Background: Previous phase II studies of docetaxel have indicated that hepatic metastases from breast cancer respond well to first-line treatment with docetaxel. The objective of this prospective, open label phase II study therefore was specifically to evaluate the activity and safety of docetaxel in this indication.
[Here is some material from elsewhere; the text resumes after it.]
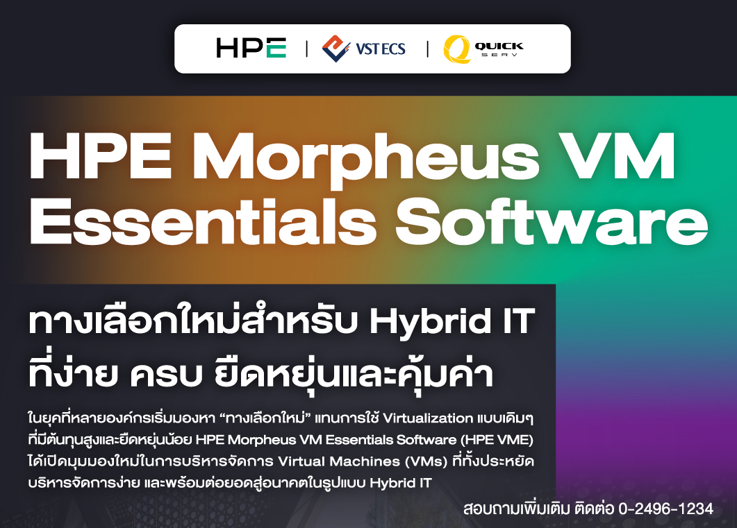 ในยุคที่หลายองค์กรเริ่มมองหา "ทางเลือกใหม่" แทนการใช้ Virtualization แบบเดิม ๆ ที่มีต้นทุนสูงและยืดหยุ่นน้อย HPE Morpheus VM Essentials Software (HPE VME) ได้เปิดมุมมองใหม่ในการบริหารจัดการ Virtual Machines (VMs) ที่ทั้งประหยัด บริหารจัดการง่าย และพร้อมต่อยอดสู่อนาคตในรูปแบบ Hybrid IT

Patients and methods: The study recruited 47 women (mean age 50 years, range 33-66 years) with hepatic metastases from breast cancer who fulfilled the eligibility criteria. After premedication with steroids, patients received a one-hour intravenous infusion of docetaxel 100 mg/m2 at three-weekly intervals for up to eight cycles. Response to treatment during medication was assessed after three, six and where appropriate, eight cycles and every three month follow-up thereafter, until disease progression or death.
Results: The best overall response rate (ORR) for evaluable patients was 64.3% (95% CI: 48.0-78.5%). In terms of the primary efficacy parameters, the ORR at the sixth cycle of treatment was 62% (95% CI: 45%-80%) with 17% complete responses. The median duration of response was 139 days (95% CI: 111-216 days) and the median survival duration calculated on an intent-to-treat basis was 335 days (227-568 days, 95% CI). One (2%) toxic death was reported.
Conclusions: Docetaxel is a highly effective cytotoxic agent in the treatment of patients with liver metastases from breast cancer.